I don't know about Verizon but I was unable to verify myself to craigslist using my Google Voice number earlier this year.
A lot of Google Voice numbers appear in a number pool marked for prepaid cellphone plans and a number of services will blacklist such numbers for use for identity verification. Sad but true.
Um, this makes complete sense. The point of number verification in this case is that phone numbers are expensive to acquire so banning has real consequence. GV and prepaid numbers are cheap to acquire so they're no use for verification.
You still have your cell phone provider's number and you should just use that to verify.
My cell phone provider is Virgin Mobile, so still screwed on that front.
While there is a certain logic to this system historically, I don't think it makes a lot of sense anymore as prepaid cellular is quite popular and getting more and more so.

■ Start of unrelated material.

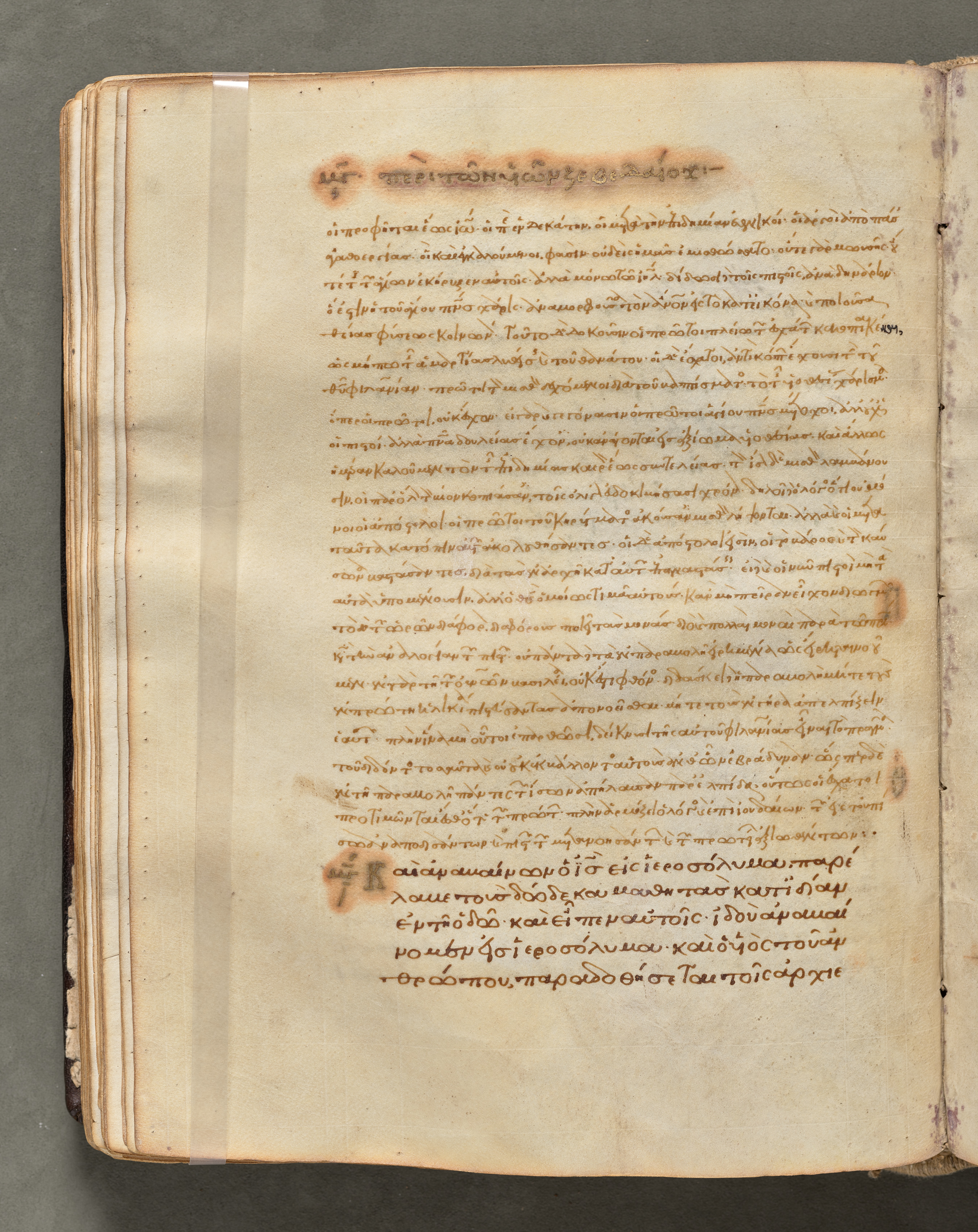 Yellowed, aged, parchment page from a Gospel Book with Commentaries; brown ink; Greek text; right-hand page; visible stitching along spine; clear protective strip; dark spots; stains; discoloration; grey background.

As I've commented elsewhere today, I thought I should return and make the note - to be fair all around - that today, finally after trying since early December (so for at least three weeks), it verified. I don't know whether this means Verizon had a problem, or a policy they tried and backed off from... but it will work now :-) ...well, today at least.
I've been trying to fathom that myself. It could be Apple pressure; it could be their intention to bring out a competing service; it could be they feel this competes with an existing service. It may just be a way to push more people into porting numbers in some misguided attempt at raising the hassle factor of leaving Vz in the future. Whatever the reasoning I think it's short sighted and I find it very frustrating.